Considerações finais
O tráfico de drogas é, sem dúvida, uma grave ameaça à saúde pública, mas a repressão deve ser equilibrada, sem recorrer a punições desmedidas.
Ao afirmar que a quantidade ínfima de droga não pode justificar a majoração da pena-base, independentemente da natureza da substância, o Tribunal reafirmou a centralidade dos princípios da proporcionalidade e da individualização da pena.
Como isso vai cair na sua prova?
Sobre a fixação da pena nos crimes de tráfico de drogas, assinale a alternativa correta:
a) A quantidade da droga é irrelevante para a dosimetria, prevalecendo sempre a natureza da substância.
b) O juiz deve observar exclusivamente o art. 59 do CP, sem considerar regras especiais da Lei de Drogas.
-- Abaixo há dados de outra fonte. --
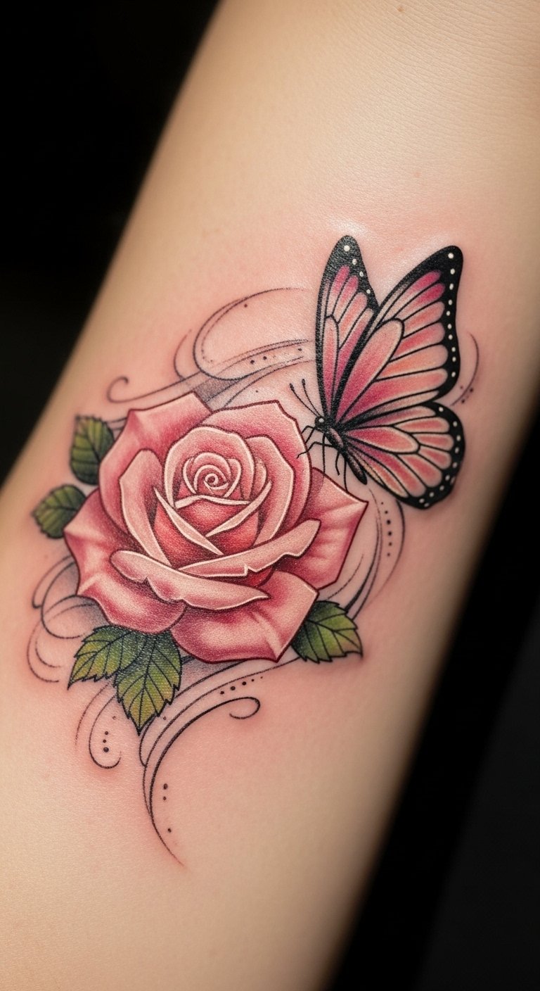 Pairing a pink rose with a butterfly creates an elegant vibe on your skin. Imagine the rose as a symbol of beauty, with the butterfly adding a touch of freedom. Draw both elements on paper to blend them just right. For affordable options, look for artists who do combo designs at reduced rates, around $150. Use free drawing tools online to mix ideas. Place it on your wrist for easy viewing. Add simple lines to the butterfly for a DIY feel. Book a quick appointment to avoid extra fees. This tattoo suits special occasions, peeking out from sleeves. Experiment with sketches using household pens. Choose lighter shades to make it versatile. Find local events where artists offer discounts. You’ll enjoy a design that tells a story without much fuss. Keep the size modest for faster healing. Practice combining shapes at home for fun.

c) O STJ firmou tese de que a pena-base pode ser majorada pela natureza da droga, ainda que a quantidade seja ínfima.
d) Segundo o Tema Repetitivo 1262, a majoração da pena-base é desproporcional quando a quantidade da droga é ínfima, independentemente de sua natureza.
e) A lei de drogas não prevê parâmetros específicos para a dosimetria da pena.
Gabarito: d)
A tese firmada pelo STJ no Tema Repetitivo 1262 reconhece que, em respeito à proporcionalidade, não se pode agravar a pena quando a quantidade da droga for ínfima, ainda que a substância seja altamente nociva.